- **Instructions to follow**: The records that follow are to be transcribed in full, leaving out each picture.

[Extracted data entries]

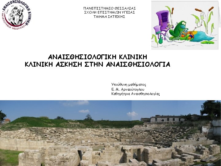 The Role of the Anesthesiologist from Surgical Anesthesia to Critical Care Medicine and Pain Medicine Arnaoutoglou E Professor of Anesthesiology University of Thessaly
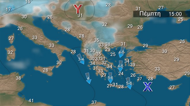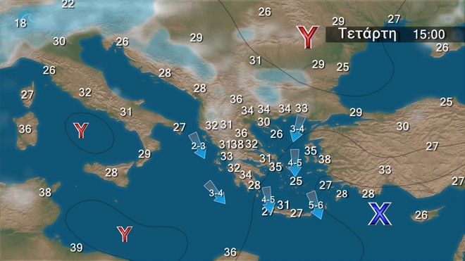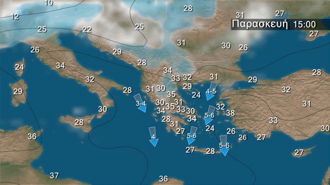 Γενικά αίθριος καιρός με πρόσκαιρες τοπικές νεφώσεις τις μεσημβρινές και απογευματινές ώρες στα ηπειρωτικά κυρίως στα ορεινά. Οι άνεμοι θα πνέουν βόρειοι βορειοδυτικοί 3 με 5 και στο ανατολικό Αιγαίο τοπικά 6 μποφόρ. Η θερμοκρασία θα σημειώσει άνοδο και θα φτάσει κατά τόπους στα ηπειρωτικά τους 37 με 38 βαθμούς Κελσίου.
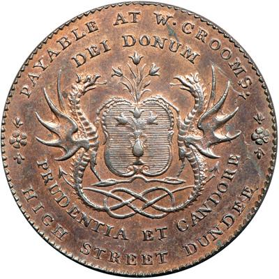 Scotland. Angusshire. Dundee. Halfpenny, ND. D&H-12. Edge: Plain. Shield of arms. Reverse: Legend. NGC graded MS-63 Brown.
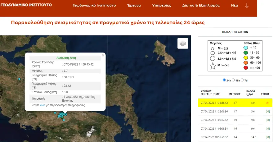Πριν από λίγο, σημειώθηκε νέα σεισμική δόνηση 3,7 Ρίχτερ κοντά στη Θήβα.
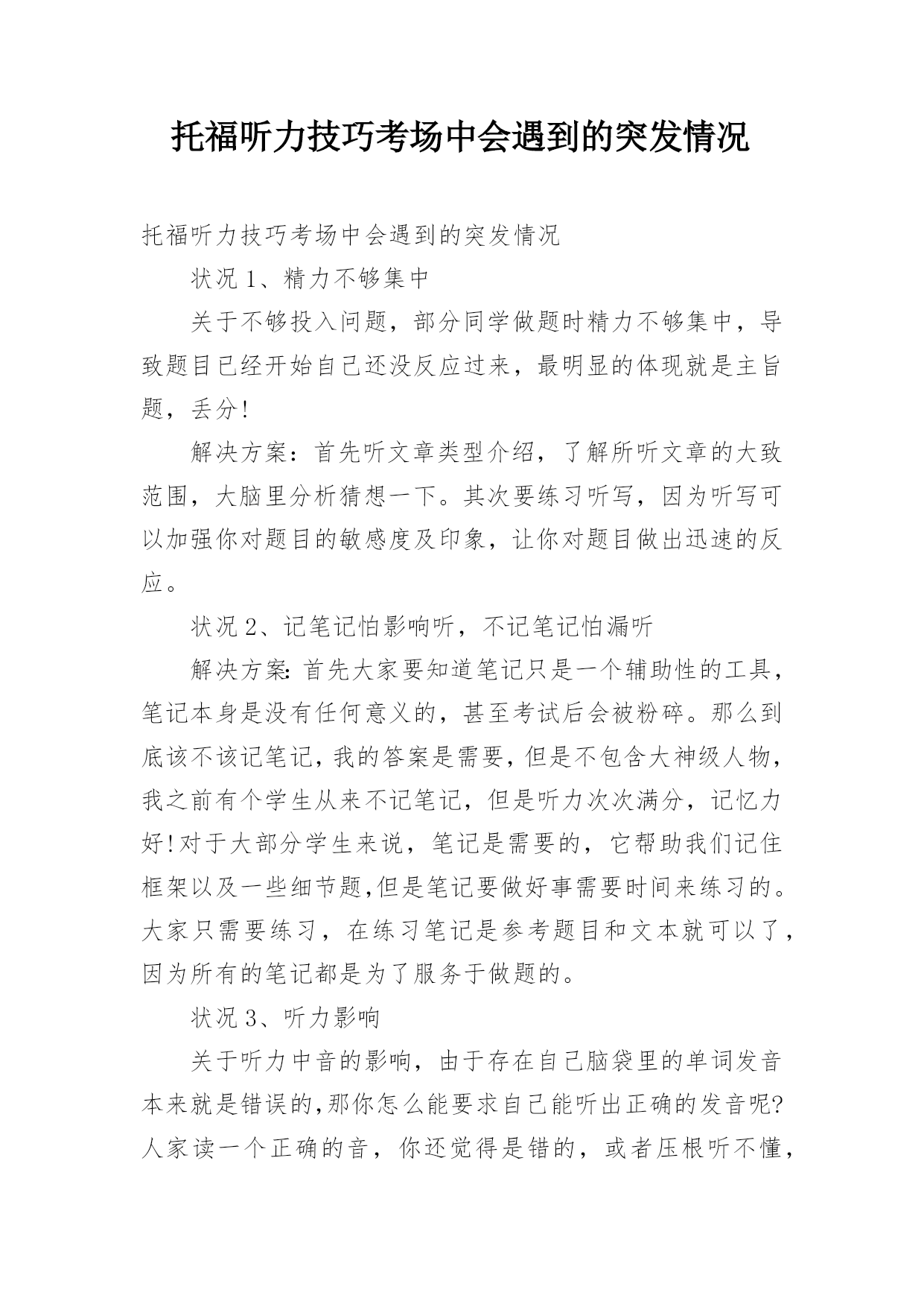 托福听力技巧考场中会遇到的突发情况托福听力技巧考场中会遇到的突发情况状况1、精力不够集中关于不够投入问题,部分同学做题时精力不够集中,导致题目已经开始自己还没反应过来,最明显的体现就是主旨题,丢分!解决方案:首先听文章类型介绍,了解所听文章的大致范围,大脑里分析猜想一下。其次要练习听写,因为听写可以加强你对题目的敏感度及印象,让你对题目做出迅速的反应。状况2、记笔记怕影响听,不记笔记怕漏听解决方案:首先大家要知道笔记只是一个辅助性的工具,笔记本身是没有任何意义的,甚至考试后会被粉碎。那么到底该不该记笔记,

- **Result of this exercise**:
 The Role of the Anesthesiologist from Surgical Anesthesia to Critical Care Medicine and Pain Medicine Arnaoutoglou E Professor of Anesthesiology University of Thessaly
 Γενικά αίθριος καιρός με πρόσκαιρες τοπικές νεφώσεις τις μεσημβρινές και απογευματινές ώρες στα ηπειρωτικά κυρίως στα ορεινά. Οι άνεμοι θα πνέουν βόρειοι βορειοδυτικοί 3 με 5 και στο ανατολικό Αιγαίο τοπικά 6 μποφόρ. Η θερμοκρασία θα σημειώσει άνοδο και θα φτάσει κατά τόπους στα ηπειρωτικά τους 37 με 38 βαθμούς Κελσίου.
 Scotland. Angusshire. Dundee. Halfpenny, ND. D&H-12. Edge: Plain. Shield of arms. Reverse: Legend. NGC graded MS-63 Brown.
Πριν από λίγο, σημειώθηκε νέα σεισμική δόνηση 3,7 Ρίχτερ κοντά στη Θήβα.
 托福听力技巧考场中会遇到的突发情况托福听力技巧考场中会遇到的突发情况状况1、精力不够集中关于不够投入问题,部分同学做题时精力不够集中,导致题目已经开始自己还没反应过来,最明显的体现就是主旨题,丢分!解决方案:首先听文章类型介绍,了解所听文章的大致范围,大脑里分析猜想一下。其次要练习听写,因为听写可以加强你对题目的敏感度及印象,让你对题目做出迅速的反应。状况2、记笔记怕影响听,不记笔记怕漏听解决方案:首先大家要知道笔记只是一个辅助性的工具,笔记本身是没有任何意义的,甚至考试后会被粉碎。那么到底该不该记笔记,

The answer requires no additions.